[Data items]
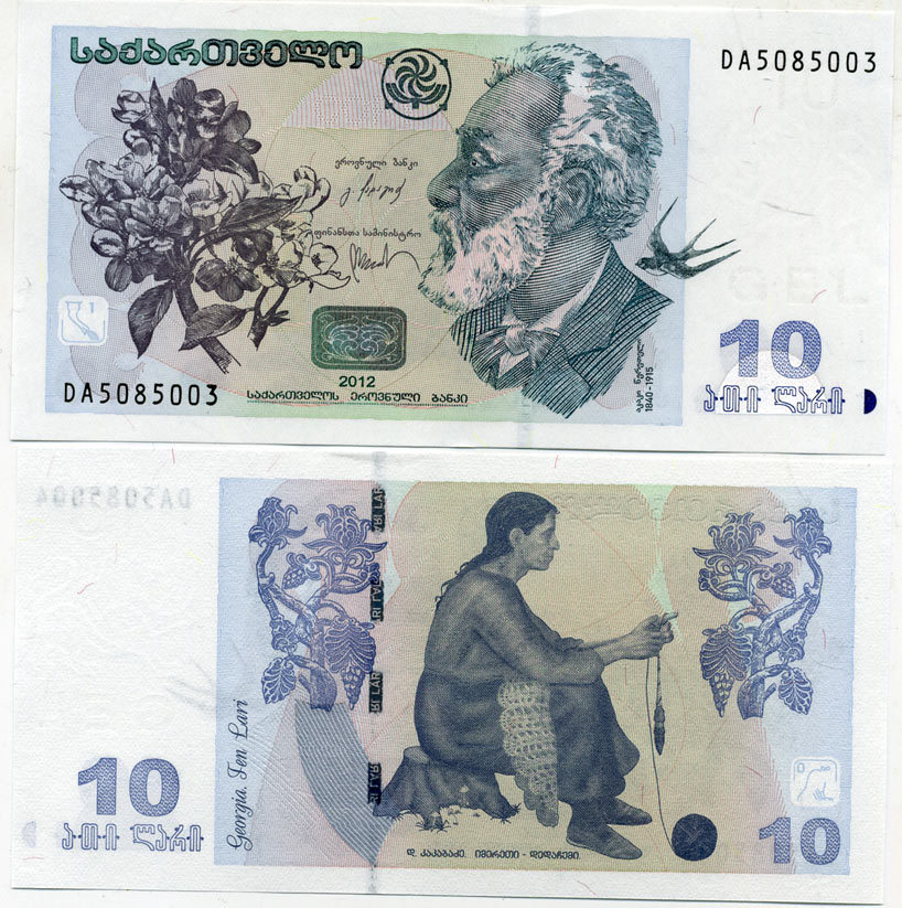 Грузия 10 лари 2012 Акакий Церетели, Давид Какабадзе "Имерети" Pick 71d бумага UNC (пресс) 450-93-3
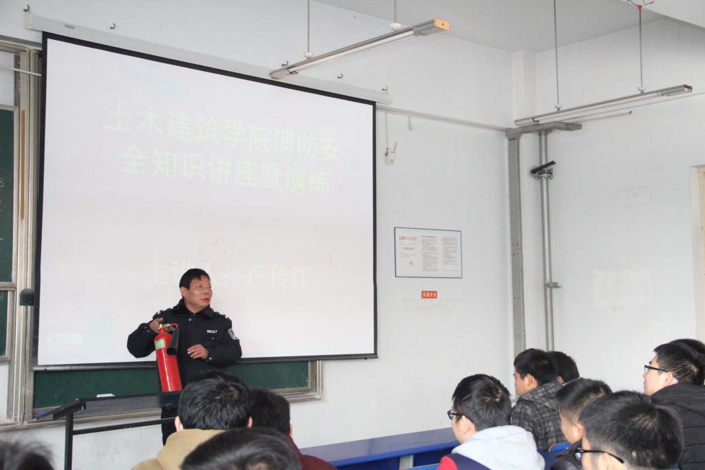 为贯彻落实学校冬季安全月活动文件通知精神,普及消防安全知识,增强学生消防安全意识,11月28日上午,土木建筑学院邀请校保卫处消防科卢传江老师在校本部新附2205教室做了一场消防安全知识讲座暨演练活动,讲座由学院副院长吴秉江主持,2015级全体研究生参加了活动。
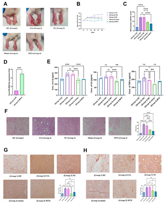 2.11.1. miR-4693-5p Reduces Macroscopic Arthritic Score and Pro-Inflammatory Cytokines
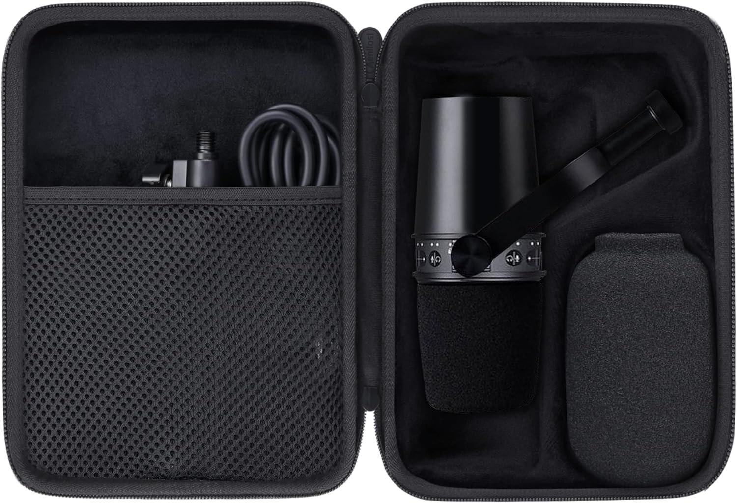 The hard case is suitable to replace the microfono shure SM7B/MV7, the interior is made of high-quality velvet, and the soft inner structure ensures the protection of the Shure SM7B/MV7 microphone. This SM7B/MV7 mic case comes with a comfortable hand strap for easy access when traveling or for storage, and the inner mesh pocket not only secures your SM7B/MV7 Shure microphone but also stores your accessories.
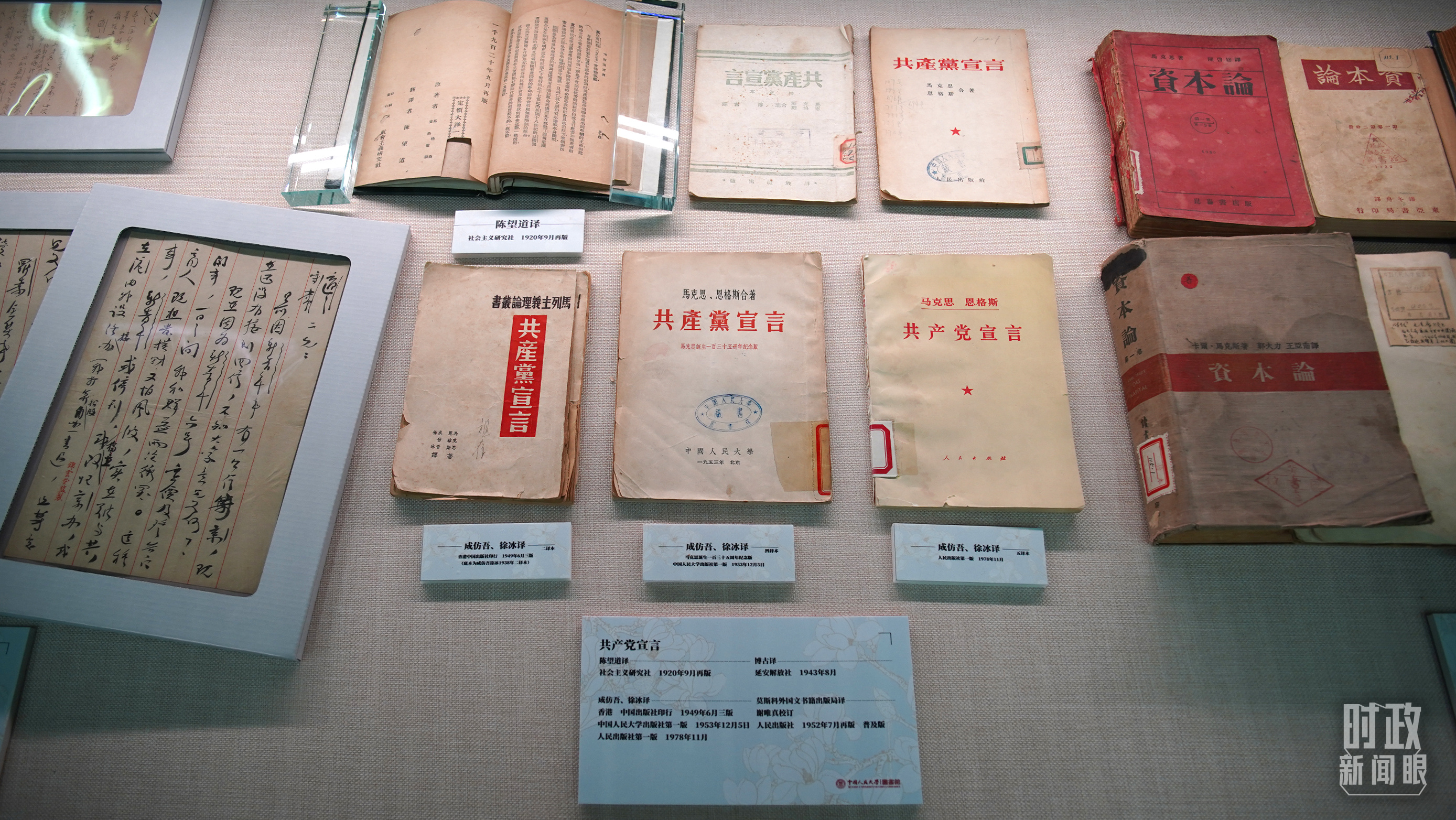 △圖書館內,《共產黨宣言》多個譯本展示。(總臺央廣記者潘毅拍攝)
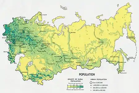 Послевоенный голод 1946—47 года усугубил и без того тяжелые демографические последствия войны за счёт высокой детской смертности[40] и привёл к смерти около 1 миллиона человек[9]. Согласно переписи населения 1926 года в РСФСР проживало 100,9 млн человек (или 92,7 млн человек с учётом переданных позже территорий). На отметку в 100 млн человек республика смогла вернутся лишь в 1949 году[41]. По оценке А. Вишневского, без избыточных потерь первой половины ХХ века население на территории современной России должно было на 76 млн выше фактической уже в 1954 году. Кроме того, кризис смертности в конце 60-х годов обусловил новые демографические потери в 14,2 млн человек. Если бы России удалось избежать демографических катастроф ХХ века, то, при прочих равных условиях, её население могло быть почти на 126,0 млн человек больше, чем оно было в 1990 году[9].
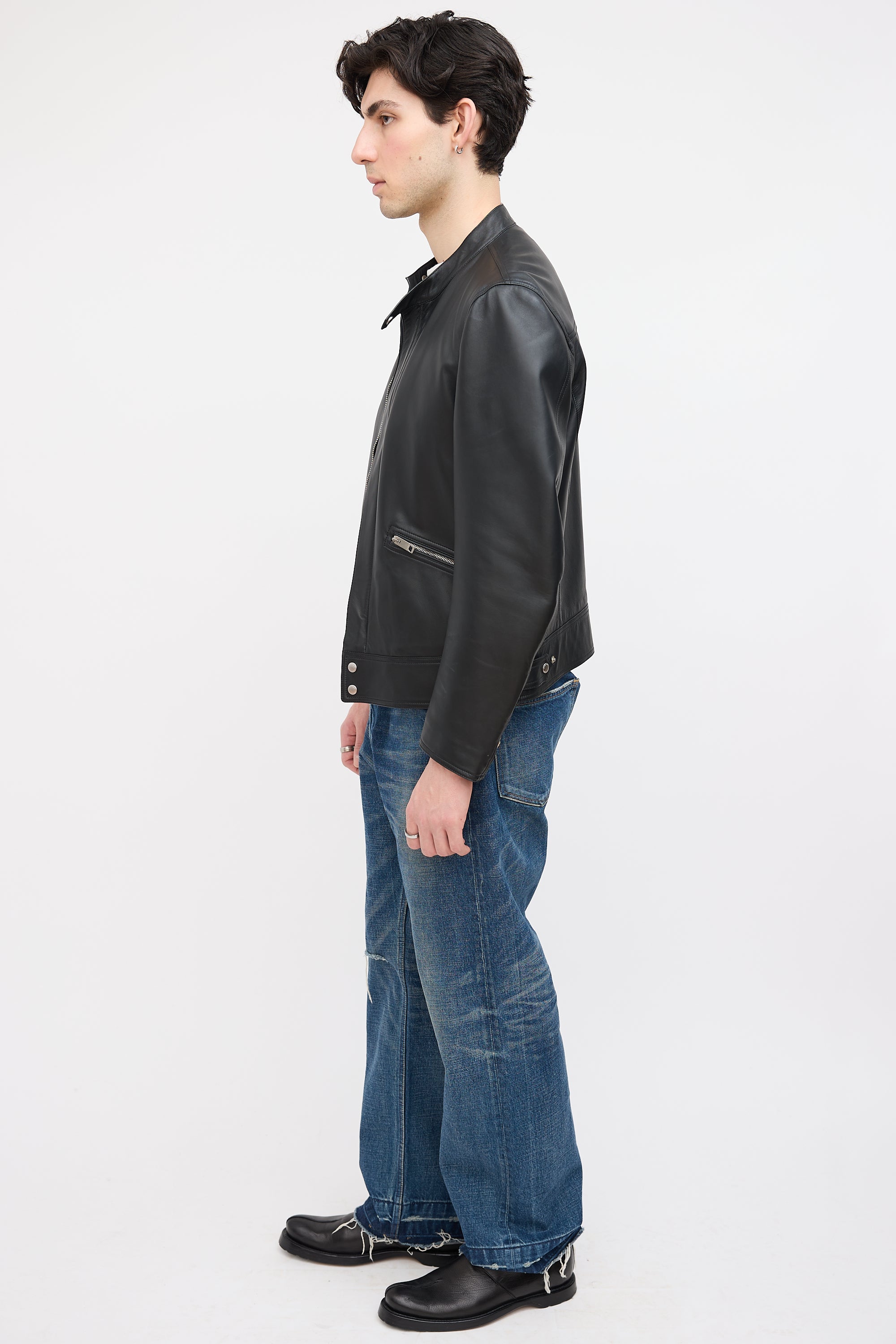 Pre-owned Burberry black leather racer jacket featuring stand collar, concealed zip up front, two zip pockets at waist, two interior chest pockets, and buttoned cuffs and hem.
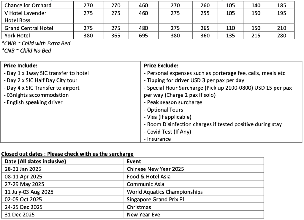 Tour Fare : USD Adult / Child (Per Person) – Min 2 pax
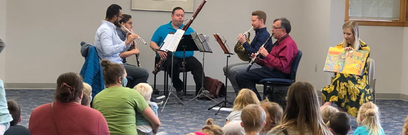 The SDSO in partnership with Siouxland Libraries present Symphony Storytime where music helps to tell the story as chosen by our Dakota Wind Quintet or Dakota String Quartet. Preschool aged children are invited to local libraries around the Sioux Falls area for this fun and unique storytime. These 30 minute presentations allow time for the musicians to talk about their instruments and answer questions for the young audience.
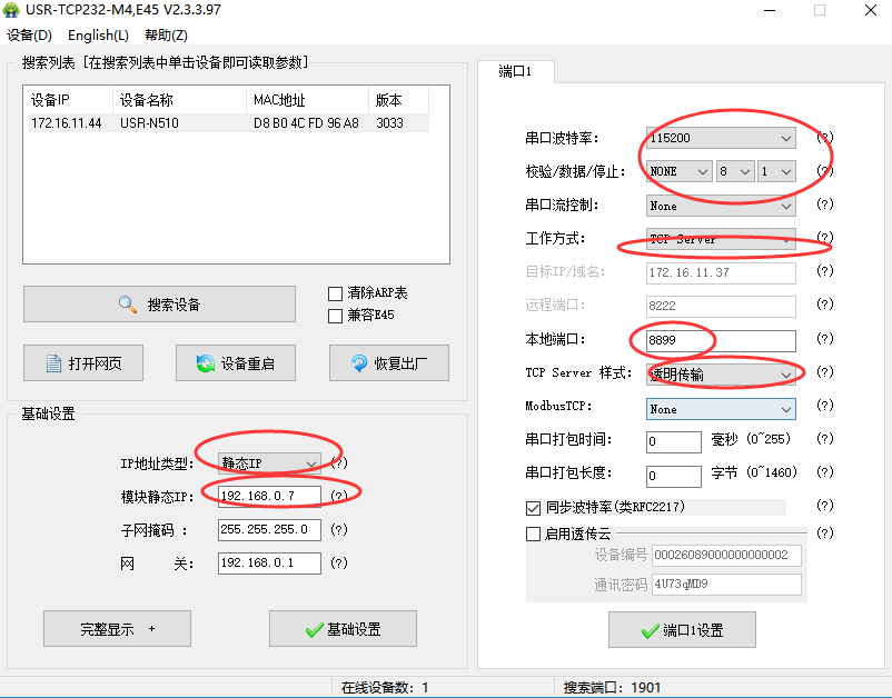 1. 设置N510(第一台)的参数:打开设置软件USR-TCP232-M4-setup-V2.3.3.97,设置他的工作方式为TCP sever,设置本地端口号为8899. 然后点击“端口1设置”,再点击“设备重启”。如图所示:
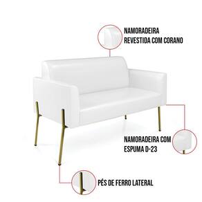 Todo mundo gosta de um ambiente bem decorado, e se for novidade melhor ainda não é mesmo? A D'Rossi, além de entregar beleza, qualidade e confiança aos clientes, ela dispõe das melhores opções em produtos, disponíveis no mercado! Portanto, se você quer um produto sofisticado, opte pelo Sofá Namoradeira e Poltrona. Ele possui um design lindo e sofisticado, com pés de Ferro Lateral Dourado e revestimento em tecido Corano Branco, que harmonizam com qualquer ambiente. Esta mobília fica perfeita na sala de estar, recepções, mesa de jantar ou qualquer outro espaço que você queira decorar com estilo e bom gosto. Ela contém uma estrutura em madeira de reflorestamento eucalipto, que garante a resistência e a sustentabilidade do produto. Ela suporta até 120 kg de peso, podendo ser utilizada por pessoas de diferentes biotipos. Ela tem um acabamento reforçado e espuma de qualidade D-23, garantindo flexibilidade e conforto ao usuário. O Sofá Namoradeira e Poltrona Marisa é um produto de alta qualidade, beleza e funcionalidade. Ele é fácil de transportar, pois tem um peso leve e um tamanho compacto. O Sofá Namoradeira e Poltrona Marisa é ideal, para dar aquele realce que seu ambiente precisa. Tenho certeza que esse móvel é a melhor compra que você irá fazer. Garanta já seu Sofá Namoradeira e Poltrona Marisa e se acomode da melhor maneira possível!
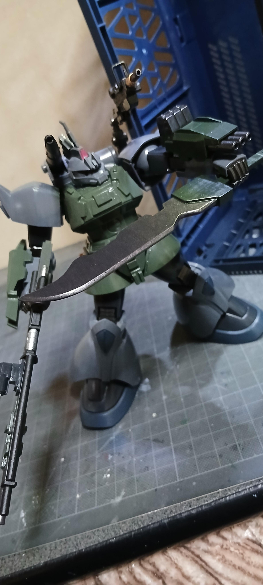ショルダーマシンガン追加とバックラーを爪付きに、あとちょこっとお遊びで大型ナイフを作ってみました✨「対MS用ナイフ」ってな感じです😜

» WHAT YOU ARE ASKED TO DO: Word for word, restate the lines above from the first through the one that contains "2.11.1. miR-4693-5p Reduces", and exclude all pictures.

» OUTPUT FOR THIS EXERCISE:
 Грузия 10 лари 2012 Акакий Церетели, Давид Какабадзе "Имерети" Pick 71d бумага UNC (пресс) 450-93-3
 为贯彻落实学校冬季安全月活动文件通知精神,普及消防安全知识,增强学生消防安全意识,11月28日上午,土木建筑学院邀请校保卫处消防科卢传江老师在校本部新附2205教室做了一场消防安全知识讲座暨演练活动,讲座由学院副院长吴秉江主持,2015级全体研究生参加了活动。
 2.11.1. miR-4693-5p Reduces Macroscopic Arthritic Score and Pro-Inflammatory Cytokines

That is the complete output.